Informed by this international network the our small local node came up with an epic yet detailed proposition of how all the local creative groups in Vienna, all these little collectives that are desperately trying to find a space to work in, could independently, yet collectively share the 13 hectars and make a district that is mind blowing. In the last three years many self-organized groups that do urban garding, debating clubs, dance, youth work and many more contributed their ideas. All groups articulate their specific requirements to this new part of the city and it’s own economy of knowledge circulation. For example: it should be accessible with wheelchairs, powered with green energy, some suggest it should allow travelers to stay and participate in maintaining this process-orientated environment, as new-comers bringing in their valuable experiences and skills. An environment in which to be safe and welcome to try out new, unheard of ways of living and working together. An open environment. In which community is important. A participatory city development as bottom-up process. In order to provide fluidity and openness when it comes to who is involved and in which practices we juxtapose openness a stabilizing factor: a grounding, stable and common space. It enables the agents involved to define themselves not through income, identity categories or age, but through physically being on site. Everybody on site is part of the process that we call city.
Since then CIT Collective focus on strategies to acquire spaces that will allow self-organized, independent initiatives to practice new ways of urban living, working and collaborating. This action research project describes how groups emerge and organize in their own pace, trying to avoid the economical exploitation that usually goes hand in hand with the organic rise of creative districts.

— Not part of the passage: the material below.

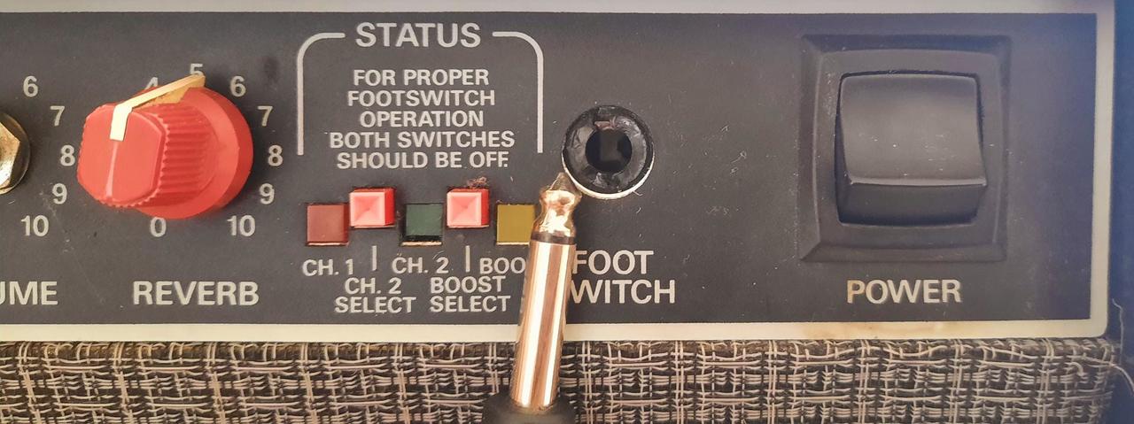 Všechny originální díly. -kanálové tranzistorove kytarové kombo 150 W, 1x12" reproduktor r.v. 1988 - 1992, USA "Hnízdo“/"samice" jack k footswitch na zesilovači má rozbitou plastovou část (viz foto), ale nemá žádný vliv na používání a lze jej snadno vyměnit za nový v hlavě zesilovače.

The city is not a designable entity. We understand city as socially produced and performed by all. This is why we can only talk about the city as in constant transformation, encouraging a dynamic, organic, fluid development rooted in a stable space, acquired collectively as urban commons.
Experimentation means to accept and overcome fears and uncertainties. It means we can create something new, if we independently, yet as a collective nurture the creative process from which transformation can emerge and evolve.
It needs courage to not buy into zero-sum capitalism. But it is worth all the effort.
Last month the newspaper published the city governments documents for the Gaswerke Leopoldau: 2500 Squaremeters are dedicated to the kind of explorative, transformative and creative urban commons site that we struggled for.